The capacity could fuel the next cloud boom. Or, less cheerfully, leave companies paying for immense facilities if AI demand disappoints - a trillion-dollar coat purchased before anyone checked the weather. (Reuters)
Anthropic signs $10B deal with AI cloud startup Volta ↗
Anthropic reportedly agreed to purchase $10 billion in computing capacity from AI cloud startup Volta over six years. The deal would support a Norwegian data centre offering 133 megawatts of capacity.
Crypto-mining company Bitdeer is expected to help develop the facility, which will use Nvidia’s Vera Rubin systems. Anthropic is collecting compute partnerships like fridge magnets - except these magnets cost billions. (TechCrunch)
AI offers 'lifeline' for emerging economies, World Bank says ↗
The World Bank says AI could allow developing economies to compress a century of progress into a decade, provided they improve electricity, connectivity and digital skills. Smaller, locally adapted tools could support healthcare, education, agriculture and public services without requiring giant national models.
Its report estimates that 4.5% of jobs in low and middle-income countries are exposed to generative AI, compared with 14.2% in richer economies. Even so, the promise arrives with pointed warnings about inequality, misinformation and political repression - a lifeline with several knots tied into it. (Reuters)
FAQ
Why is the US government not safety-testing open-weight AI models?
According to the article, the Trump administration told leading AI companies that open-weight models would not be included in its government safety-testing framework. This places more responsibility on model developers, distributors and users, who may need to assess cyber, biological, misuse and deployment risks independently before releasing or adopting these systems.
Why are open-weight AI models harder to secure than closed models?
Open-weight AI models can be downloaded, modified and operated outside the original developer’s infrastructure. As a result, safeguards such as refusal training, classifiers and access controls may be weakened or removed. Closed models are usually delivered through controlled APIs, giving providers greater scope to monitor usage, restrict access and update protections after deployment.
How should organisations evaluate open-weight AI models before deployment?
A common approach is to test the model against realistic misuse scenarios, including offensive cyber tasks, dual-use biological requests and attempts to bypass safeguards. Organisations should also examine how the model will be hosted, who will be able to modify it and what monitoring systems are available. Higher-risk deployments typically require stricter access controls and sustained human oversight.
What is Samsung’s new AI memory technology designed to improve?
Samsung’s BV-NAND prototype uses more than 400 layers and a wafer-bonding design intended to increase memory density while improving read, write and input-output performance. The company also described vertically stacked zHBM memory positioned above AI accelerators. These designs are intended to address the capacity, energy and heat demands created by increasingly intensive AI workloads.

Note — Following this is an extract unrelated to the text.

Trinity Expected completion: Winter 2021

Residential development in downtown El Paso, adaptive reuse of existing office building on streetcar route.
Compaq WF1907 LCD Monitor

Why are Big Tech’s AI data-centre leases considered a financial risk?
Microsoft, Meta, Oracle, Amazon and Alphabet have reportedly committed about $1.09 trillion to leases that have not yet begun, much of it linked to AI data centres. The added capacity could support rapid growth in cloud and AI demand. However, the companies may still owe substantial payments if demand develops more slowly than expected or the infrastructure remains underused.

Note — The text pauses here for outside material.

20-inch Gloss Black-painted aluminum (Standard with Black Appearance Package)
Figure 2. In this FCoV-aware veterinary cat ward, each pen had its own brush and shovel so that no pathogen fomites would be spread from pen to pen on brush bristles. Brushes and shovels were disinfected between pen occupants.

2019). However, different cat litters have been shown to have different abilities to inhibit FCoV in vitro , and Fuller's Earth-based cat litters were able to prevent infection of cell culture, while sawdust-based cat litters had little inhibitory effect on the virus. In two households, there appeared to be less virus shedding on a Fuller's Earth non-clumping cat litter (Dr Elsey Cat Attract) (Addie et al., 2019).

How could AI benefit emerging economies?
The World Bank argues that AI could help developing economies strengthen healthcare, education, agriculture and public services, particularly through smaller tools adapted to local needs. Those benefits depend on reliable electricity, internet access and digital skills. Governments must also manage risks such as inequality, misinformation and political repression as adoption expands.